The 2007 All-Ireland Under-21 Hurling Championship final was a hurling match that was played at Croke Park, Dublin on 8 September 2007 to determine the winners of the 2007 All-Ireland Under-21 Hurling Championship, the 44th season of the All-Ireland Under-21 Hurling Championship, a tournament organised by the Gaelic Athletic Association for the champion teams of the four provinces of Ireland. The final was contested by Galway of Connacht and Dublin of Leinster, with Galway winning by 5–11 to 0–12.

The All-Ireland final between Galway and Dublin was their second meeting in a decider. Galway were hoping to claim their 9th championship. Dublin were hoping to win their first All-Ireland title. The game was played as part of a double-header with the All-Ireland decider in camogie.

Galway made a blistering start to the game and led by 3–4 to 0-2 after just 13 minutes thanks to goals from Conor Kavanagh (2) and Seán Glynn. Such was Galway's early dominance that Dublin's only point in the opening quarter came after four minutes from the game's top scorer Alan McCrabbe from a placed ball. The midfield partnership of McCrabbe and John McCaffrey kept alive any hope for Dublin, while Peadar Carton was also on target in a bright ten-minute spell during which they managed to hold Galway scoreless. The westerners came back strongly and a goal from Kerrill Wade before the interval ensured a 4–6 to 0-8 interval lead.

Dublin came out strongly for the second half with two McCrabbe points, but once again Galway found their groove and the Craobh Chiaráin clubman was the only Dublin player to hit the target in the second half.
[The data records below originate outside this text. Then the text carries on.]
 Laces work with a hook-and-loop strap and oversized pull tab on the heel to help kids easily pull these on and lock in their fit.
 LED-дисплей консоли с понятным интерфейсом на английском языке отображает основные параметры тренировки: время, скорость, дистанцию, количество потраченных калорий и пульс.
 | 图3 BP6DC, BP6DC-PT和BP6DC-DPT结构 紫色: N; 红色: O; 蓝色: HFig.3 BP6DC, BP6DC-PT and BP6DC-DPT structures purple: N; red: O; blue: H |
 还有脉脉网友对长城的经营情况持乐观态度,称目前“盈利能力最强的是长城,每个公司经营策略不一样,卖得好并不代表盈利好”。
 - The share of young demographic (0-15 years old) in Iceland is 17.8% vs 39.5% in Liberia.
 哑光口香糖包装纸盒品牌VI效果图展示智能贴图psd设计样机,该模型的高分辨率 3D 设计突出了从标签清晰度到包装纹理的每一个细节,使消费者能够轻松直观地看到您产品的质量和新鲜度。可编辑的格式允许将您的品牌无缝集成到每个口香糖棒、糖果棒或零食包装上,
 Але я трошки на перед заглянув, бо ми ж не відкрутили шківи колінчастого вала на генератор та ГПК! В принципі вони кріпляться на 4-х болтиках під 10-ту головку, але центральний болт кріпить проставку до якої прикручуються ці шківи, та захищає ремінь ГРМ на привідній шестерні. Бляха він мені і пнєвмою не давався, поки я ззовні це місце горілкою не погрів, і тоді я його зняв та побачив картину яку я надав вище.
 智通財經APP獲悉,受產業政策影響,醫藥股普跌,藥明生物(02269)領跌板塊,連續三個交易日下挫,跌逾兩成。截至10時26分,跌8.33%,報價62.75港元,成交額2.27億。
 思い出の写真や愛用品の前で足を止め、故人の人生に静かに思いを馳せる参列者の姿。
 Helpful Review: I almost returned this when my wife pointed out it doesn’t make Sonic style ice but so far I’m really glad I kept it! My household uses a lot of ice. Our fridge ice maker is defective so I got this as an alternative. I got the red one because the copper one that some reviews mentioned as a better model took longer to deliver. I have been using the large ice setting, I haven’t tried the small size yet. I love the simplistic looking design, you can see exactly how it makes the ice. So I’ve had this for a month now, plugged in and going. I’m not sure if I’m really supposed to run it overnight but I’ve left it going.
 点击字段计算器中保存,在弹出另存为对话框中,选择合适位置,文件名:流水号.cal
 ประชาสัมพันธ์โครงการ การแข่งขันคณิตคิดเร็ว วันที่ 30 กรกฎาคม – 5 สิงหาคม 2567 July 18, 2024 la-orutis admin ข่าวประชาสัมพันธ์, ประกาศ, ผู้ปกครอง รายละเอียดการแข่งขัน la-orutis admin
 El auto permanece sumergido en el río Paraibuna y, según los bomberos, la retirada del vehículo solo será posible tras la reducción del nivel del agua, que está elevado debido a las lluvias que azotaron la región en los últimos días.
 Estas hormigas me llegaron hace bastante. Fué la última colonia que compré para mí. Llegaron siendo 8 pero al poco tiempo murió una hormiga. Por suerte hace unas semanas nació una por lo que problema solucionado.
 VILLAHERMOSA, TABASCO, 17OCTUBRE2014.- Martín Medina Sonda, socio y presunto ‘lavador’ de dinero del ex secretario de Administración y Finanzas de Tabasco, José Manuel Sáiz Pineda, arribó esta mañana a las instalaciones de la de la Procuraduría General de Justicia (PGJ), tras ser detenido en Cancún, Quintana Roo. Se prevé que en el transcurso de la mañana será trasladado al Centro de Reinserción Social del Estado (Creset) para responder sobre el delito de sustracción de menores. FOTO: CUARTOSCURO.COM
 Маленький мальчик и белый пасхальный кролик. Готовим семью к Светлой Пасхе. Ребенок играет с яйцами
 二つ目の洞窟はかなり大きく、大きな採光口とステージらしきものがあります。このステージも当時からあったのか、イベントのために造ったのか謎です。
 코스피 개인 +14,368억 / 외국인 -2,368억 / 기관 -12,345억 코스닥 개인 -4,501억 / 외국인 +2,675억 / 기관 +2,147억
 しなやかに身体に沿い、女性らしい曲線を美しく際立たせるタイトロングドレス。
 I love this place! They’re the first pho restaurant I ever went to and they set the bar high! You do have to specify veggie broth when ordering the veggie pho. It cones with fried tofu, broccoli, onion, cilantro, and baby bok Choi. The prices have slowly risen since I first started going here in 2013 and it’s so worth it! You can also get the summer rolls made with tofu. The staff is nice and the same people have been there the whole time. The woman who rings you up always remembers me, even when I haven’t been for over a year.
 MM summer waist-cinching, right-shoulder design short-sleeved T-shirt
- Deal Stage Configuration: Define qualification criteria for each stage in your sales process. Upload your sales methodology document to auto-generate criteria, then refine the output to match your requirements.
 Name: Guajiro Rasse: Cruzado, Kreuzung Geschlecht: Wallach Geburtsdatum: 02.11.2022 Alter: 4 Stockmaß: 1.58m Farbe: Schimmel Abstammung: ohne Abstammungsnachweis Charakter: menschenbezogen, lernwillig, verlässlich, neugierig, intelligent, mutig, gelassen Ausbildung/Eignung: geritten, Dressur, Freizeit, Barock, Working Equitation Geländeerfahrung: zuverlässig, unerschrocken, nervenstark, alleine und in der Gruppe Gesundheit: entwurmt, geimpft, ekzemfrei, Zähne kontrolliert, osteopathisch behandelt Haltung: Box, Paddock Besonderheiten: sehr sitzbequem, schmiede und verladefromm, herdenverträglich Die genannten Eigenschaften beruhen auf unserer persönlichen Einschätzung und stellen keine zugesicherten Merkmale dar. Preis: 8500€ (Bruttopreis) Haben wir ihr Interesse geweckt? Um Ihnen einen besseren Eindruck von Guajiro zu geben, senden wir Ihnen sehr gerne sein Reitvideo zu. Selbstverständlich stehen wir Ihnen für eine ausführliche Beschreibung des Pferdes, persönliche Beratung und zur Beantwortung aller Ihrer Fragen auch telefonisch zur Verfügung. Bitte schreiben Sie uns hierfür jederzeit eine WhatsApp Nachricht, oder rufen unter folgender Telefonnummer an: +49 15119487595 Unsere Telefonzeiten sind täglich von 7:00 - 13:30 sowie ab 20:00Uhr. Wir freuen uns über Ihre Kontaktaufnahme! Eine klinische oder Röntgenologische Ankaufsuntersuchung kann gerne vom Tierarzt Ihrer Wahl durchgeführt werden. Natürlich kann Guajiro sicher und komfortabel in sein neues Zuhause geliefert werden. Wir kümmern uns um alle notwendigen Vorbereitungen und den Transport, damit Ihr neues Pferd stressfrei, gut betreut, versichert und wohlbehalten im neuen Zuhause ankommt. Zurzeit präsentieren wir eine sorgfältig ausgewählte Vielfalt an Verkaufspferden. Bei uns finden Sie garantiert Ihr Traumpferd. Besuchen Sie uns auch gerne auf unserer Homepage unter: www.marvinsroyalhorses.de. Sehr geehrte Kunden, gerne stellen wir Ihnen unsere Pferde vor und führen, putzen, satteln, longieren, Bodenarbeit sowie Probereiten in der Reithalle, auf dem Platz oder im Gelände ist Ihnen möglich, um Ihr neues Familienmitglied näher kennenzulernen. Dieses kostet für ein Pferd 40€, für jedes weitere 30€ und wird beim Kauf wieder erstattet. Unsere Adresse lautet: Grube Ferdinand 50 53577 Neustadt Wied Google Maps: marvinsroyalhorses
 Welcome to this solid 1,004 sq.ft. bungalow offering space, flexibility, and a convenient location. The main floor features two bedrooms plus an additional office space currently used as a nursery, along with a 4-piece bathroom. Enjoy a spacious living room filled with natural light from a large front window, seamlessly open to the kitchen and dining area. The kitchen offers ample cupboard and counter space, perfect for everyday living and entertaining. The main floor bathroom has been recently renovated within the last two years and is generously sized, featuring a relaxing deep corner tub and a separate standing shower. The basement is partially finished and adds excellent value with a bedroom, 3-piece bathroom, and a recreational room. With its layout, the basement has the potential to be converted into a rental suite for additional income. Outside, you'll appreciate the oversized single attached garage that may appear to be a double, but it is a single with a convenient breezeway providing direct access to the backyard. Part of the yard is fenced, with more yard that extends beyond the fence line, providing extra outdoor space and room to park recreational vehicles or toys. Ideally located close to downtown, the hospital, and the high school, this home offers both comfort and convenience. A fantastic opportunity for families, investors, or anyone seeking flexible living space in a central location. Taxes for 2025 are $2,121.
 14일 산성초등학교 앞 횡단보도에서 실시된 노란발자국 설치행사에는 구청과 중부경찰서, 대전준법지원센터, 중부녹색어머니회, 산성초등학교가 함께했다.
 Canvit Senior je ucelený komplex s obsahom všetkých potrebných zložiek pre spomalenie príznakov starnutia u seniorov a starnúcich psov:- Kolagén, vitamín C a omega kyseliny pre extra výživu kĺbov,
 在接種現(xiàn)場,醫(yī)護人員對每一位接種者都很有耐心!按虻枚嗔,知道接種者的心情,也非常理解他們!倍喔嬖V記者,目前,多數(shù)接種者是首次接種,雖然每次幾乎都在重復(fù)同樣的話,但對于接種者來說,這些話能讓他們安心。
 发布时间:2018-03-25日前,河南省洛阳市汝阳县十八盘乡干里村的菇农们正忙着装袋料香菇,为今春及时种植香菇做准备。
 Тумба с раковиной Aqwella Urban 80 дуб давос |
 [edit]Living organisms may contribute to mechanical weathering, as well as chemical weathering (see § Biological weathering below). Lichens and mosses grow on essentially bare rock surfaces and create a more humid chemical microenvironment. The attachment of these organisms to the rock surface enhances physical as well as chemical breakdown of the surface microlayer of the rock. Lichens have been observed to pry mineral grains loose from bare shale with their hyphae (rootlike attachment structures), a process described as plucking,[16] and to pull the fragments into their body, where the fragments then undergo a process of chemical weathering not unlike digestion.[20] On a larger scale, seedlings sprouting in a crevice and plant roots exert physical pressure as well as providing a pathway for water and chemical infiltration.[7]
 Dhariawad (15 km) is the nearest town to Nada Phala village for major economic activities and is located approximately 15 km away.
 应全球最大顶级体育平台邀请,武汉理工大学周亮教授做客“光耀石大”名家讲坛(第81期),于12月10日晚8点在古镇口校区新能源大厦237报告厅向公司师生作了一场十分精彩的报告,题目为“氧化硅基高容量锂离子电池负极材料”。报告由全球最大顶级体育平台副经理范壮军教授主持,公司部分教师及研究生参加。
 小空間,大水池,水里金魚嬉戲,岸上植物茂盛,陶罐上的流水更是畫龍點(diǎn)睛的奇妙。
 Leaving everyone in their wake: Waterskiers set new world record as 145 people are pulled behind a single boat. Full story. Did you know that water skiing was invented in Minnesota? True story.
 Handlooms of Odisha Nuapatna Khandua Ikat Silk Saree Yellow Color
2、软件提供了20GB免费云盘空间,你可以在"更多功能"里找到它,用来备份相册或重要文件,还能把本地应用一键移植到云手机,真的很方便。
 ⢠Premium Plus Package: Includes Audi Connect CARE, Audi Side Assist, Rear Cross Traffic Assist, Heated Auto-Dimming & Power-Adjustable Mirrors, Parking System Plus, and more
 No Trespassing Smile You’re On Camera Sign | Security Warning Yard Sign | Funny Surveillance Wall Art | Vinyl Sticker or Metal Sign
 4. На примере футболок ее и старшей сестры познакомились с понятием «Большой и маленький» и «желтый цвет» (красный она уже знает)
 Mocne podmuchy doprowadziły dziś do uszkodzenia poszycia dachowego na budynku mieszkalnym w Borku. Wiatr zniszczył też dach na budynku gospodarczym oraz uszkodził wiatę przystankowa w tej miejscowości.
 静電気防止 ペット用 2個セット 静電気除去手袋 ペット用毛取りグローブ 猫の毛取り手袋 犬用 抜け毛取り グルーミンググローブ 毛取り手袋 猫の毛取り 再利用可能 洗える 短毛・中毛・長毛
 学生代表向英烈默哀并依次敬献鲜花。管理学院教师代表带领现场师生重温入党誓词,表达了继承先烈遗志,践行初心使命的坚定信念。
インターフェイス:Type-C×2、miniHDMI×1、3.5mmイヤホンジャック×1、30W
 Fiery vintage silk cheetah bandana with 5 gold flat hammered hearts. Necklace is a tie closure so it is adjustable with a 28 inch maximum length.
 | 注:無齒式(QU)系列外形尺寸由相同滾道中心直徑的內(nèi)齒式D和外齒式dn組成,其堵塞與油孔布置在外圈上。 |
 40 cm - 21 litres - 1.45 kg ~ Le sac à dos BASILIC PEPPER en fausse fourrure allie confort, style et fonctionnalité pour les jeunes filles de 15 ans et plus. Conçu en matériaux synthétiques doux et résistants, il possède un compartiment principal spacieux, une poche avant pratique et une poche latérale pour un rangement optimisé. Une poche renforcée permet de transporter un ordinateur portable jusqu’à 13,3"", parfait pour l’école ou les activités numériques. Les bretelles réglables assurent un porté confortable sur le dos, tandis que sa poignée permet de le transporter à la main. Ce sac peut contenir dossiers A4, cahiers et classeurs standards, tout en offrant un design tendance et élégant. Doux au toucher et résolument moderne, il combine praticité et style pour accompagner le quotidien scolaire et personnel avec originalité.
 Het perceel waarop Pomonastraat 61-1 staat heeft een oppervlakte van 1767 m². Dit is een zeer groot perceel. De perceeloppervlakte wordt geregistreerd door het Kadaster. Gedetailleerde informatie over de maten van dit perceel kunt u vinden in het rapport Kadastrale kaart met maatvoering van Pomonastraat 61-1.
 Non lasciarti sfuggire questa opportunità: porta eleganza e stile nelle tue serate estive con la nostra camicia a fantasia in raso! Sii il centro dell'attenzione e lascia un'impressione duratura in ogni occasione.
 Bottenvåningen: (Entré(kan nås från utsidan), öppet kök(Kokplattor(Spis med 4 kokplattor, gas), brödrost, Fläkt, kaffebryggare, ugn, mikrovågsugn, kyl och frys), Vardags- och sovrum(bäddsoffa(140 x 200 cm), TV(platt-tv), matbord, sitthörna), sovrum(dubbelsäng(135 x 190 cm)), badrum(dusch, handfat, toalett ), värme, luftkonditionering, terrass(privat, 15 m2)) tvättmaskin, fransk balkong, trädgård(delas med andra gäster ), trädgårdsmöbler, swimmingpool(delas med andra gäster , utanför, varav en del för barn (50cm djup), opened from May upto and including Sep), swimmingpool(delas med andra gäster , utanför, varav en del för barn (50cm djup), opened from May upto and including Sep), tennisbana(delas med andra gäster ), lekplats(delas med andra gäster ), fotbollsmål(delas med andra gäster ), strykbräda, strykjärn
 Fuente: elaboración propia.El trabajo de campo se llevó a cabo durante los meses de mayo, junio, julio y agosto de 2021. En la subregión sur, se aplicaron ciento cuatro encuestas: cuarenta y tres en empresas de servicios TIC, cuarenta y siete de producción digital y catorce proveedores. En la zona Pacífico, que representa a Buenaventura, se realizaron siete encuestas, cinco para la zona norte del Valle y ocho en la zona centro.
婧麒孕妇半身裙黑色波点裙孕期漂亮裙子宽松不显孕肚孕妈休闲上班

Joe Canning was playing a great supporting role at this stage for Galway but also chipped in with a 43rd-minute point, ensuring a double scores advantage at 4–8 to 0–10. An excellent Keith Kilkenny point, following a clean catch, and a Wade effort ensured that the gap was extended to 12 points. Dublin did stage a rally in the closing stages, mainly thanks to the free-taking abilities of McCrabbe. Galway substitute Noel Kelly sealed victory with a 60th-minute goal, before adding a late point to ensure a comprehensive victory for Galway.

Galway's All-Ireland victory was their second in three years. The victory put them in third position on the all-time roll of honour.

It was later reported that supporters attending the game experienced difficulties purchasing tickets — and entering the ground — for the decider. One thousand supporters, who had not purchased tickets, were granted free admission to the stadium when extra gates were opened to relieve congestion at the main turnstiles.

==Match==
===Details===

8 September 2008
Galway 5-11 - 0-12 Dublin
  Galway : K Wade (1-4, 2f), C Kavanagh (2-0), N Kelly (1-1), S Glynn (1-0), J Canning (0-3, 1f), F Coone (0-2), K Kilkenny (0-1).
   Dublin: A McCrabbe (0-9, 6f, 1 '65', 1 sl), J McCaffrey (0-1), D Connolly (0-1), P Carton (0-1).